Верная своим истокам, современная демократия, берущая начало в европейском Просвещении, решительно хочет быть оптимистичной и плюралистичной. Ее афишируемая вера в прогресс, ее желание земного счастья и упадок нравов, ее требование уважать разнообразие мнений и верований — все это запрещает ей принципиально вести какой-либо властный разговор о нравственности. Вспоминается пророческое слово святителя Феофана Затворника: «А властное «вето» сказать будет некому». Таким образом, злу дается беспрепятственное развитие. Да и сами западные (а теперь и наши отечественные) политологи отмечают, что демократия, в полном согласии со своими принципами, «не исповедует морали». Определение того, что есть добро или зло, предоставлено отдельным группам, и, в конечном счете, личной совести каждого. Но это не все. Современное общество не удовлетворяется всеобщим игнорированием вопроса добра и зла, оно полагает его устаревшим и бессмысленным. И в этом присутствует некая воинственность. «Все позволено», значит «все возможно». Но это и есть принцип тоталитаризма. Теперь уже под знаменем абсолютной свободы. Исполняется пророчество преподобного Антония Великого: «Будет время, когда скажут: ты безумствуешь, потому что не хочешь принимать участие в общем безумии, но мы заставим тебя быть как все».

Итак, с одной стороны, — объединение во всем, а с другой, определение, что есть зло — не дело всех, а каждого в отдельности. Коллективно мы теперь «за пределами зла». Современный мир достиг этой запредельности, где сущностному определению добра и зла нет места. Царствует общепризнанное неписанное право — судить по себе самому. Такой откровенный солипсизм защищается тем, что «мораль субъективна». Идет ли речь о гуманитарных науках, о суде, о биоэтике, о литературе, о кино, о текущей политике, о чем угодно — уже не думают о какой-либо связи с нравственными ценностями. Это торжественное отрицание, этот навязываемый всем релятивизм становится формулой, паролем, открывающим все пути.

Общая иллюзия заключается в том, что поскольку о зле больше не говорят, его больше не существует.

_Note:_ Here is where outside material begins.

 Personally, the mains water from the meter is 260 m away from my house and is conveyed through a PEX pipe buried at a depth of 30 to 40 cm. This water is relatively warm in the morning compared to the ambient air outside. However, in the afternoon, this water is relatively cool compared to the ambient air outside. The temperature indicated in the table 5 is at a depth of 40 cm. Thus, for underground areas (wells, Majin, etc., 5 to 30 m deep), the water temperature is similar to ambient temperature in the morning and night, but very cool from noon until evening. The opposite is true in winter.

То же самое следует сказать о все более нарастающем одичании, которое воспринимается многими не более правдоподобно, чем некогда существование диавола с рожками. Поистине, это общепринятое и опасное заблуждение, потому что человечество полагает себя защищенным от варварства только потому, что не видит больше его нигде. Самый блестящий успех варварства — заставить нас поверить, что оно не существует, что все — только «культура», как они говорят. Точно так же как самый большой успех диавола — заставить нас поверить, что его нет.

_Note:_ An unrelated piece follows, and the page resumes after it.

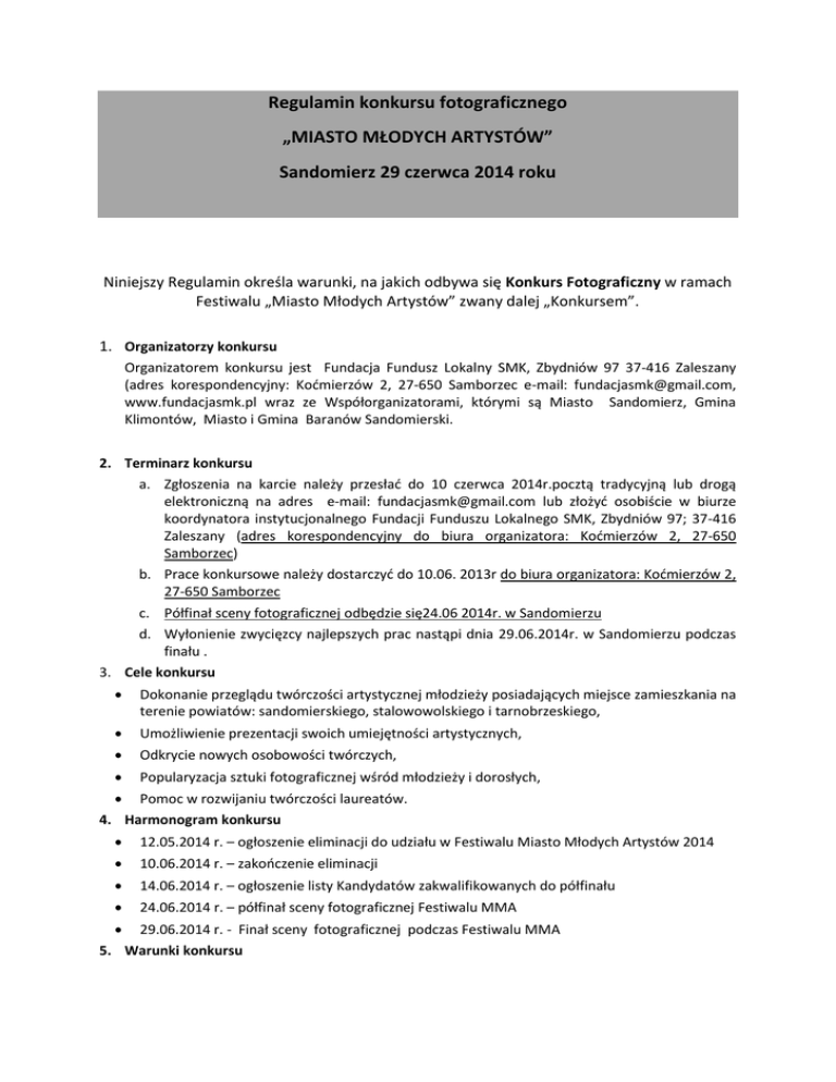 Regulamin konkursu fotograficznego „MIASTO MŁODYCH ARTYSTÓW” Sandomierz 29 czerwca 2014 roku Niniejszy Regulamin określa warunki, na jakich odbywa się Konkurs Fotograficzny w ramach Festiwalu „Miasto Młodych Artystów” zwany dalej „Konkursem”. 1. Organizatorzy konkursu Organizatorem konkursu jest Fundacja Fundusz Lokalny SMK, Zbydniów 97 37-416 Zaleszany (adres korespondencyjny: Kodmierzów 2, 27-650 Samborzec e-mail: [email protected], www.fundacjasmk.pl wraz ze Współorganizatorami, którymi są Miasto Sandomierz, Gmina Klimontów, Miasto i Gmina Baranów Sandomierski. 2. Terminarz konkursu a. Zgłoszenia na karcie należy przesład do 10 czerwca 2014r.pocztą tradycyjną lub drogą elektroniczną na adres e-mail: [email protected] lub złożyd osobiście w biurze koordynatora instytucjonalnego Fundacji Funduszu Lokalnego SMK, Zbydniów 97; 37-416 Zaleszany (adres korespondencyjny do biura organizatora: Kodmierzów 2, 27-650 Samborzec) b. Prace konkursowe należy dostarczyd do 10.06. 2013r do biura organizatora: Kodmierzów 2, 27-650 Samborzec c. Półfinał sceny fotograficznej odbędzie się24.06 2014r. w Sandomierzu d. Wyłonienie zwycięzcy najlepszych prac nastąpi dnia 29.06.2014r. w Sandomierzu podczas finału . 3. Cele konkursu Dokonanie przeglądu twórczości artystycznej młodzieży posiadających miejsce zamieszkania na terenie powiatów: sandomierskiego, stalowowolskiego i tarnobrzeskiego, Umożliwienie prezentacji swoich umiejętności artystycznych, Odkrycie nowych osobowości twórczych, Popularyzacja sztuki fotograficznej wśród młodzieży i dorosłych, Pomoc w rozwijaniu twórczości laureatów. 4. Harmonogram konkursu 12.05.2014 r. – ogłoszenie eliminacji do udziału w Festiwalu Miasto Młodych Artystów 2014 10.06.2014 r. – zakooczenie eliminacji 14.06.2014 r. – ogłoszenie listy Kandydatów zakwalifikowanych do półfinału 24.06.2014 r. – półfinał sceny fotograficznej Festiwalu MMA 29.06.2014 r. - Finał sceny fotograficznej podczas Festiwalu MMA 5. Warunki konkursu a. Konkurs skierowany jest do uczestników mieszczących się w przedziale wiekowym 13-25 lat mieszkających na terenie powiatu sandomierskiego, tarnobrzeskiego i stalowowolskiego, b. Każdy Kandydat przedstawia link na jeden krótki film (2-4 min) lub prezentację multimedialną (15-20 slajdów) zamieszczoną na dowolnym portalu społecznościom (Facebook, You Tube, etc.). Prezentacja przedstawia artystę i jego pasję np. wydarzenia artystyczne z jego udziałem, artysta i jego warsztat pracy, multimedialna prezentacja innych prac, etc) c. Każdy kandydat, zamierzający ubiegad się o główną nagrodę – stypendium artystyczne w kwocie 3.500,00 złotych składa wniosek (wzór - załącznik nr 2) d. Jeden autor może przesład maksymalnie 5 fotografii w formacie 24 x 30cm e. Na odwrocie fotografii należy umieścid: imię i nazwisko, wiek, adres, nr kontaktowy autora, oraz tytuł wykonanej pracy f. W przypadku dużej ilości zgłoszonych uczestników, zostaną przeprowadzone wstępne eliminacje, by wyłonid 20 autorów najlepszych prac do prezentacji przy scenie festiwalowej. Po ocenie i wyborze najlepszych prac uczestnicy zostaną powiadomieni osobiście; g. Każdy uczestnik, po zakwalifikowaniu się do sceny festiwalowej ma obowiązek w ciągu 3 dni dostarczyd krótką notatkę promo (do połowy A4) o swoich dotychczasowych artystycznych dokonaniach oraz pakiet/portfolio 1-3 zdjęd (ewentualnie malarstwa dla sceny malarskiej lub wiersz dla sceny literackiej) h. Nominowani do sceny fotograficznej uczestniczą w plenerze fotograficznym dn. 24.06. br na rynku Starego Miasta w Sandomierzu Uwaga! Uczestnicy zapewniają sobie wszystkie materiały niezbędne do pracy. Uczestnikom pleneru organizatorzy zapewniają opiekę artystyczną. . 6. Kryteria oceny Oceny nadesłanych prac konkursowych dokona komisja konkursowa powołana przez organizatora imprezy. Prace zostaną poddane ocenie według poniższych kryteriów: Etap I – Eliminacje do grona Laureatów FMMA o Temat i treśd dzieła, o Ogólny wyraz artystyczny, Etap II – Półfinał – Grant Rozwojowy Zgodnośd nadesłanych prac z regulaminem Konkursu; Temat prac; Inwencja twórcza wykonującego; Umiejętności fotograficzne; Etap III – Finał, Stypendia Artystyczne o Ogólna ocena twórczości, o Ocena predyspozycji i potencjału Laureata na tle innych artystów, Przedstawiony plan wykorzystania stypendium artystycznego 7. Nagrody a. Laureat konkursu sceny fotograficznej otrzymuje Artystyczny Grant Rozwojowy w kwocie 1 tys. PLN, b. Każdy uczestnik finału konkursu fotograficznego 29 czerwca br. otrzyma dyplom laureata II Festiwalu Miasto Młodych Artystów, c. Wybrane prace laureatów zostaną zamieszczone w katalogu i/lub filmie pofestiwalowym oraz na oficjalnym portalu festiwalowym www.miastomlodychartystow.pl; d. Ponadto wśród laureatów 7 scen artystycznych konkursu teatralnego, muzycznego, plastycznego, fotograficznego, literackiego, tanecznego, filmowego zostaną przyznane 3 stypendia artystyczne w kwocie od 3.000,00 do 3.500,00 PLN. e. Jeden laureat może otrzymad max. jeden grant rozwojowy. W przypadku otrzymania stypendium artystycznego grant rozwojowy zalicza się na poczet Stypendium. f. Wśród laureatów wszystkich scen artystycznych, którzy nie otrzymali Artystycznego Grantu czy Stypendium Rozwojowego zostaną rozlosowane 3 nagrody finansowe, każda w kwocie 500 PLN. Uwaga: stypendia mogą dotyczyd jedynie osoby fizycznej co oznacza, iż w przypadku laureatów – grup artystycznych stypendium może otrzymad wiodący artysta. Dotyczy to takich scen artystycznych jak: teatr, taniec, muzyka. 8. Ustalenia końcowe a. Organizator nie bierze odpowiedzialności za ewentualne uszkodzenia przesyłek nadesłanych drogą pocztową oraz nie ponosi kosztów transportu prac. b. Prace zbiorowe będą wykluczane z Konkursu. c. Udział w konkursie jest równoznaczny z wyrażeniem zgody na przetwarzanie danych o

Но здесь-то и заключается ловушка. Чем больше мы забываем о зле, тем сильнее оно проявляет себя. Люди делают из зла зрелище. Люди отказались думать о зле, но никогда еще так зачарованно его не рассматривали. В этом абсурд рационального порядка, из которого как будто нет исхода. Но это «рассматривание зла», эта реклама греха и насилия по телевидению оказывает разрушительное влияние на духовную атмосферу мира, все более нарушает психическое равновесие детей и молодежи, содействует уничтожению семьи. Противоречие поистине пугающее: все большее возрастание зла в мире, и почти полное отсутствие размышления о нем. Люди больше не думают о зле, но показывают его и смотрят на него как еще ни одно поколение в человеческом роде. Особенно популярен исполненный двусмысленности персонаж, представляющий Добро, и служащий Злу.

Возникает вопрос: если мы не в состоянии адекватно мыслить о зле, как можем мы узнать о его приходе? Как можем заметить приход антихриста?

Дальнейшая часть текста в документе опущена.